McMillan J had made orders by consent during the trial that estate monies be transferred
into an interest bearing account and orders by consent restraining the defendant generally
from dealing with the estate monies in any way. Her Honour had commented during the
trial regarding the high level of costs incurred in the proceeding at that stage (the
defendant’s costs totalled approximately $184,000) and the court's powers under the Civil
Procedure Act to make a costs order against legal practitioners.
The solicitor resisted the orders sought on the ground that he held a lien for the costs of the
trial over the money held in the controlled money account, and that the lien prevented an
order that the money be paid to the plaintiff.
Her Honour determined that the asserted lien did not prevent the orders sought by the
plaintiff and made those orders. Her Honour stated that a lien only attaches to money that
is the property of the client, whereas the money in the controlled money account was
estate money that was subject to the orders made by the Court.

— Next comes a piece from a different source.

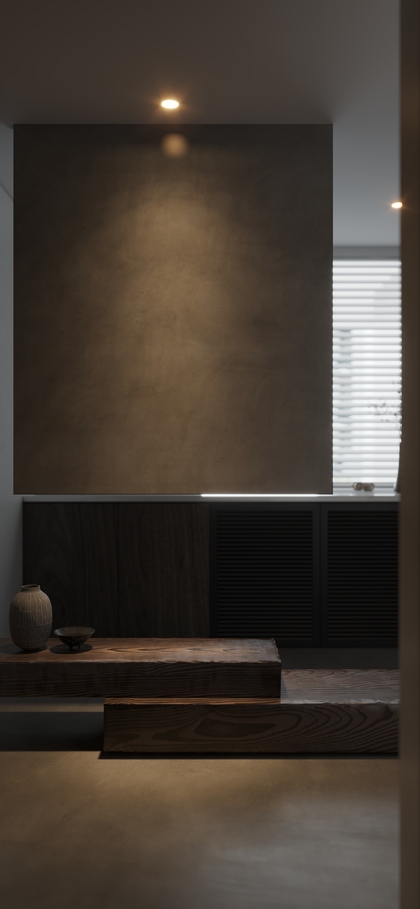 家装案例赏析——暗调与原木组成的深邃侘寂风

The solicitor further submitted that where an executor pays money in order to get legal
advice that money ought to be treated as the executor’s money at least to the extent of any
lien claimed. The plaintiff submitted that estate money remains estate money unless and
until the Court makes an order that the executor is entitled to reimbursement of costs out
of an estate.
Her Honour said, in response to the solicitor’s further submission:
Mr Boots represented the defendant throughout the period leading up to trial, and
at trial when the orders referred to above were made. Mr Boots assisted in the
preparation of a statement of financial affairs that described the money in his trust
account as estate money. He was acting for the defendant when the defendant
consented to orders restraining the use of that money on the basis that it was
estate money. He is an officer of this court. If his position was that the money in
question was not estate money, but the money of the defendant, then he was
under an obligation to inform the court that those orders were being made under a
misconception. He chose not to do so. He cannot now be heard to say that the
money could not be subject to the orders because it was money belonging to the
defendant, over which he now claims a lien.